The Hearst-owned Chronicle says the new operation will yield substantial savings without Hearst having to invest in new equipment. It’s not clear to what extent the savings come from the inherently greater efficiency of the new presses, narrowing the paper from six columns to five, or the switch to non-union labor. (One newspaper industry veteran tells me that non-union newspapers tend to pay their press operators as well as similar-sized union papers. But their compensation costs for the pressroom are lower because they don't have contract-imposed staffing requirements and assign more of the less skilled work to lower-paid employees.)

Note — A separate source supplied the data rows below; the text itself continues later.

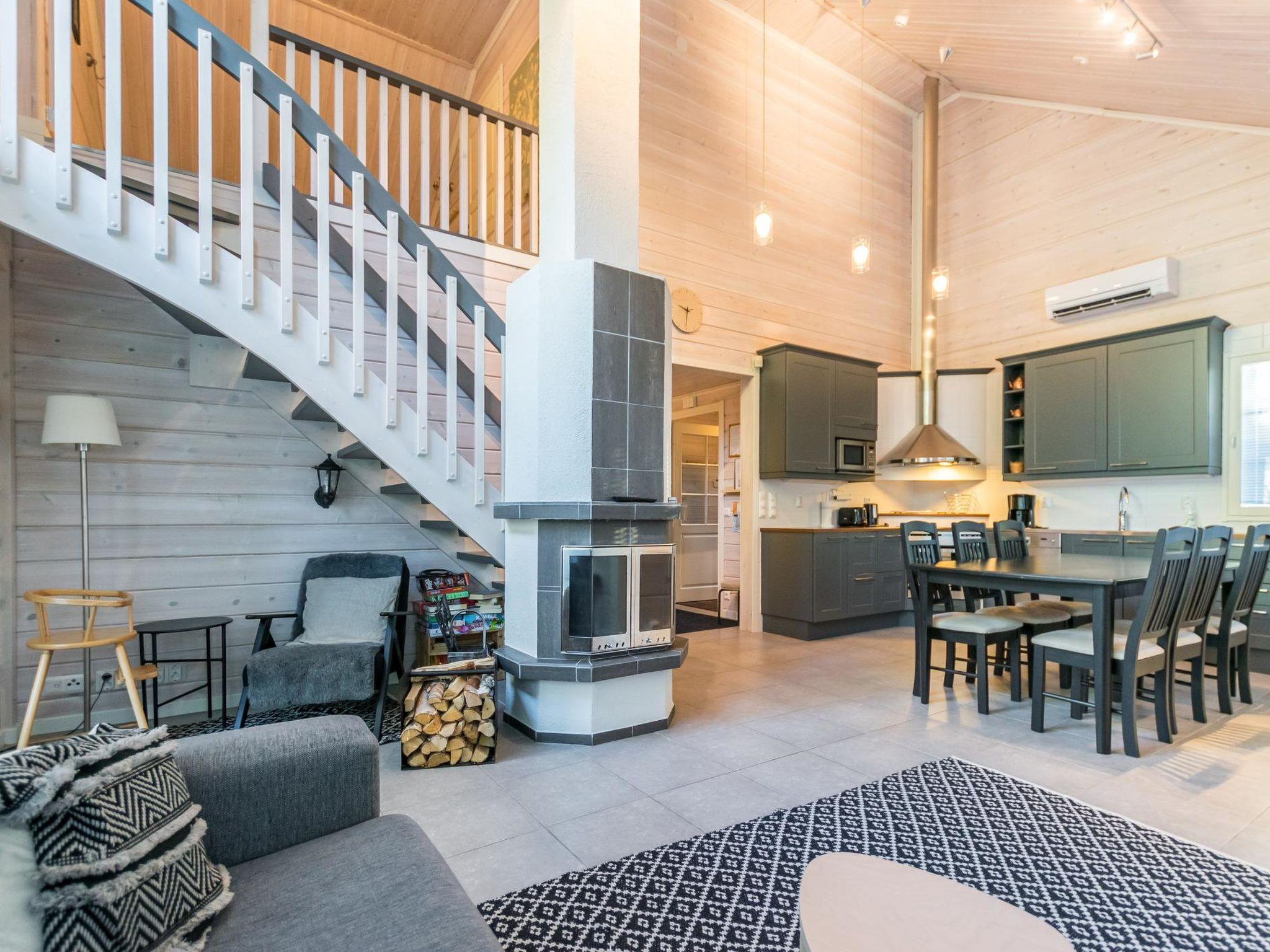 Classy and modern log cabin on a good spot in the center of Pyhä, close to the services of the whole ski resort, no own car needed. Slopes and skiing tracks are very near by the cabin.
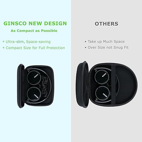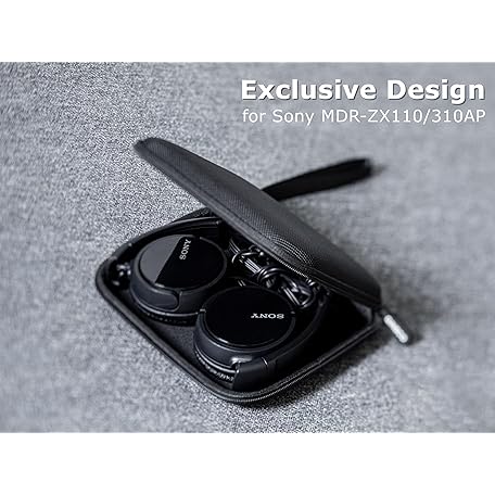 Ginsco Slim Protect Case Compatible with Sony ZX Series Wired On-Ear Headphones, MDR-ZX110 / MDRZX110AP / MDRZX110NC / MDR-ZX310AP, Hard Shell Travel Carrying Headphone Case (Black)
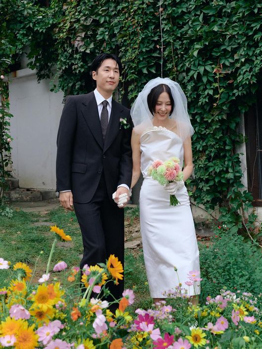 이와 함께 공개한 사진에는 색색의 꽃과 흰색 천으로 장식된 야외에서 턱시도를 입은 마이큐와 감각적인 디자인의 웨딩드레스를 입은 김나영이 포즈를 취하고 있는 모습이 담겼다.

Don’t expect Transcontinental to be replicating its innovative San Francisco model in other metro areas any time soon. With the recession squeezing both its printing and publishing profits, the company is indicating it is tapped out for now as far as major capital investments go. And counting on the long-term viability and credit worthiness of major metro newspapers may be too much of a gamble these days.

Here's a roundup of interesting items that have appeared this week about the Transcontinental-Chronicle deal:
  • The Chronicle's cool two-minute video of the plant in action, set to "The Sorcerer's Apprentice". (An ironic choice of music? You decide.)
  • The Chronicle's article on Monday about the newspaper's new "wrinkle-free" era. Be sure to check out the reader comments, not all of which are glowing. One commenter says the Chronicle is now "San Francisco's trophy wife" because its role is "to hang around, look good, and not say anything." (In defense of the Chronicle, its investigative reporting -- remember when newspapers did that? -- led to the resignation this week of a college president.)
  • SF Weekly's knockdown of the Chronicle's coverage of the new production arrangement as "an in-house infomercial". The snarky piece also hints of delivery problems on Monday.
  • Graphic Arts Online has a rundown of the equipment in the new plant.
  • An excellent article about the last day at the old Chronicle printing plant and its 200-plus employees, none of whom has been hired by Transcontinental.
  • Transcontinental Monday news release, which includes some details about the new plant's energy efficiency.